By Moses Kaketo
The world’s leading scientists have projected that in the coming decades climate changes will increase in all regions, and there would be increasing heat waves, longer warm seasons and shorter cold seasons.
“We now have a much clearer picture of the past, present and future climate, which is essential for understanding where we are headed, what can be done, and how we can prepare,” the scientist said
The report, titled “Climate Change 2021: the Physical Science Basis,” was drafted by IPCC Working Group I and got approved on Aug. 6 by 195 members of the IPCC through a virtual approval session that was held over two weeks starting on July 26.
The UK is calling for urgent global action in response to a UN report.
This latest report published is a stark warning from scientists around the world that human activity is damaging the planet at an alarming rate.
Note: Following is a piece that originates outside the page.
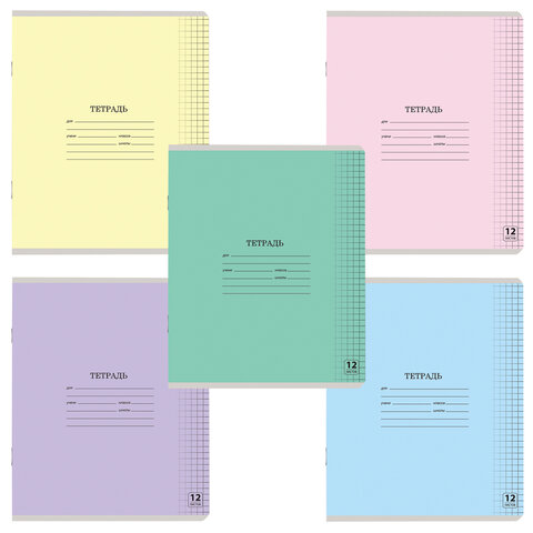 Тетрадь 12 л. ЮНЛАНДИЯ КЛАССИЧЕСКАЯ, клетка, обложка картон, АССОРТИ 5 видов, 105636, 31

The report warns that climate change is already affecting every region across the globe and that without urgent action to limit warming, heatwaves, heavy precipitation, droughts, and loss of Arctic Sea ice, snow cover and permafrost, will all increase while carbon sinks will become less effective at slowing the growth of carbon dioxide in the atmosphere.
The report highlights that cutting global emissions, starting immediately, to net zero by mid-century would give a good chance of limiting global warming to 1.5C in the long-term and help to avoid the worst effects of climate change.
The Prime Minister Boris Johnson said: “Today’s report makes for sobering reading, and it is clear that the next decade is going to be pivotal to securing the future of our planet. We know what must be done to limit global warming – consign coal to history and shift to clean energy sources, protect nature and provide climate finance for countries on the frontline.
“The UK is leading the way, decarbonising our economy faster than any country in the G20 over the last two decades. I hope today’s IPCC report will be a wake-up call for the world to take action now, before we meet in Glasgow in November for the critical COP26 summit.”
As extreme events are felt across the globe, from wildfires in North America to floods in China, across Europe, India and parts of Africa, and heatwaves in Siberia, COP President Alok Sharma has been negotiating with governments and businesses to increase global climate ambition and take immediate action to help halve global emissions in the next decade and reach net zero emissions by mid-century in order to keep the 1.5C goal set out in the Paris Agreement within reach.
The UK is already showing leadership with clear plans to reduce its emissions by 68% by 2030 and 78% by 2035, leading to net zero by 2050. Today, more than 70% of the world’s economy is now covered by a net zero target – up from 30% when the UK took over as incoming COP Presidency. May saw the establishment of the first net zero G7, with all countries coming forward with 2030 emission reduction targets that put them on a pathway to reaching this goal by 2050. However, today’s report shows that more action is urgently needed.
In a meeting with scientists, Alok Sharma encouraged countries that have not already done so, to urgently submit new or updated NDCs with their plans for ambitious climate action ahead of the vital COP26 summit later this year in Glasgow, particularly all major economies of the G20 who are responsible for over 80% of global emissions.
In response to the report, Mr Sharma said: “The science is clear, the impacts of the climate crisis can be seen around the world and if we don’t act now, we will continue to see the worst effects impact lives, livelihoods and natural habitats.
“Our message to every country, government, business and part of society is simple. The next decade is decisive, follow the science and embrace your responsibility to keep the goal of 1.5C alive.
UK International Champion on Adaptation and Resilience for the COP26 Presidency Anne-Marie Trevelyan said: “The impacts of climate change are already affecting lives and livelihoods around the world, with increasing frequency and severity. Alongside the need to drive down emissions, this report rings the alarm to urgently help vulnerable communities adapt and build resilience – in developed and developing countries alike.